See Model Hub Page for details.

Check Spark NLP Portuguese capabilities in 4.1.Clinical_Multi_Language_Deidentification.ipynb notebook we have prepared for you.

New RxNorm Sentence Entity Resolver Model (`sbiobertresolve_rxnorm_action_treatment`)

We are releasing sbiobertresolve_rxnorm_action_treatment model that maps clinical entities and concepts (like drugs/ingredients) to RxNorm codes using sbiobert_base_cased_mli Sentence Bert Embeddings. This resolver model maps and extracts pharmaceutical actions (e.g analgesic, hypoglycemic) as well as treatments (e.g backache, diabetes) along with the RxNorm code resolved.
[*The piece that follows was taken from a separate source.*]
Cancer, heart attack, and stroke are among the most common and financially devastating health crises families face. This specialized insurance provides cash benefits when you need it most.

Actions and treatments of the drugs are returned in all_k_aux_labels column.

See Model Card for details.

Example :

documentAssembler = DocumentAssembler()\
      .setInputCol("text")\
      .setOutputCol("ner_chunk")

sbert_embedder = BertSentenceEmbeddings.pretrained('sbiobert_base_cased_mli', 'en','clinical/models')\
      .setInputCols(["ner_chunk"])\
      .setOutputCol("sentence_embeddings")

rxnorm_resolver = SentenceEntityResolverModel.pretrained("sbiobertresolve_rxnorm_action_treatment", "en", "clinical/models") \
      .setInputCols(["sentence_embeddings"]) \
      .setOutputCol("rxnorm_code")\
      .setDistanceFunction("EUCLIDEAN")

pipelineModel = PipelineModel(
    stages = [
        documentAssembler,
        sbert_embedder,
        rxnorm_resolver])

lp_model = LightPipeline(pipelineModel)

text = ["Zita 200 mg", "coumadin 5 mg", 'avandia 4 mg']
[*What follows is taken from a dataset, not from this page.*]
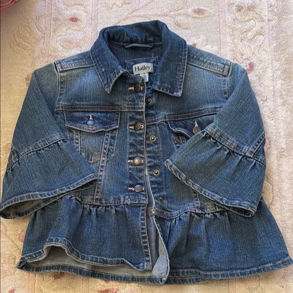 Stylish denim jacket featuring a ruffle hem and button closure. Perfect for casual wear.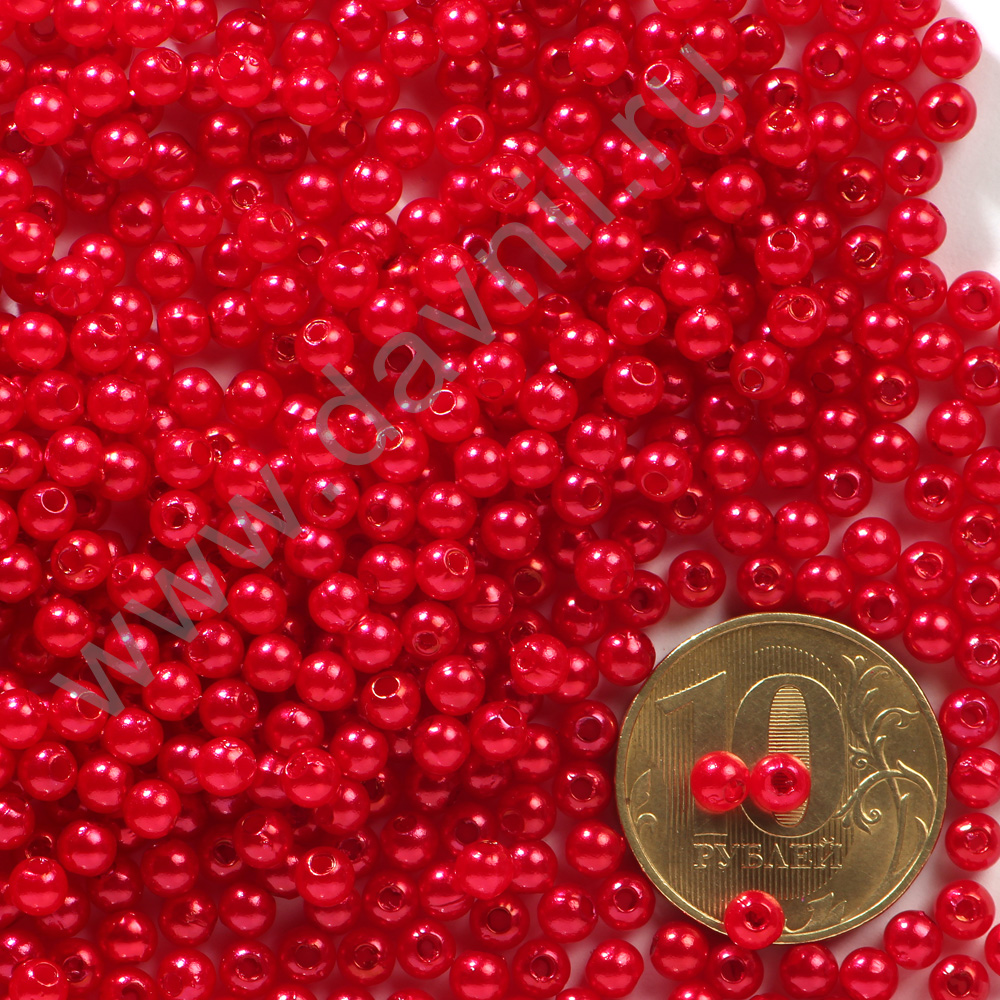Бусины под жемчуг "Круг" d=4 мм 400 г красные

result= lp_model.annotate(text)

Results* :

|    | ner_chunk     |   rxnorm_code | action                                  | treatment                          |
|---:|:--------------|--------------:|:----------------------------------------|------------------------------------|
|  0 | Zita 200 mg   |        104080 | ['Analgesic', 'Antacid', 'Antipyretic'] | ['Backache', 'Pain', 'Sore Throat']|
|  1 | coumadin 5 mg |        855333 | ['Anticoagulant']                       | ['Cerebrovascular Accident']       |
|  2 | avandia 4 mg  |        261242 | ['Drugs Used In Diabets','Hypoglycemic']| ['Diabetes Mellitus', ...]         |                                                                                              |

New RCT Classification Models and Pretrained Pipelines

We are releasing new Randomized Clinical Trial (RCT) classification models and pretrained pipelines that can classify the sections within the abstracts of scientific articles regarding randomized clinical trials (RCT).

Classification Models:
- rct_binary_classifier_use (Models Hub page)
- rct_binary_classifier_biobert (Models Hub page)
- bert_sequence_classifier_binary_rct_biobert (Models Hub page)
Pretrained Pipelines:
- rct_binary_classifier_use_pipeline (Models Hub page)
- rct_binary_classifier_biobert_pipeline (Models Hub page)
- bert_sequence_classifier_binary_rct_biobert_pipeline (Models Hub page)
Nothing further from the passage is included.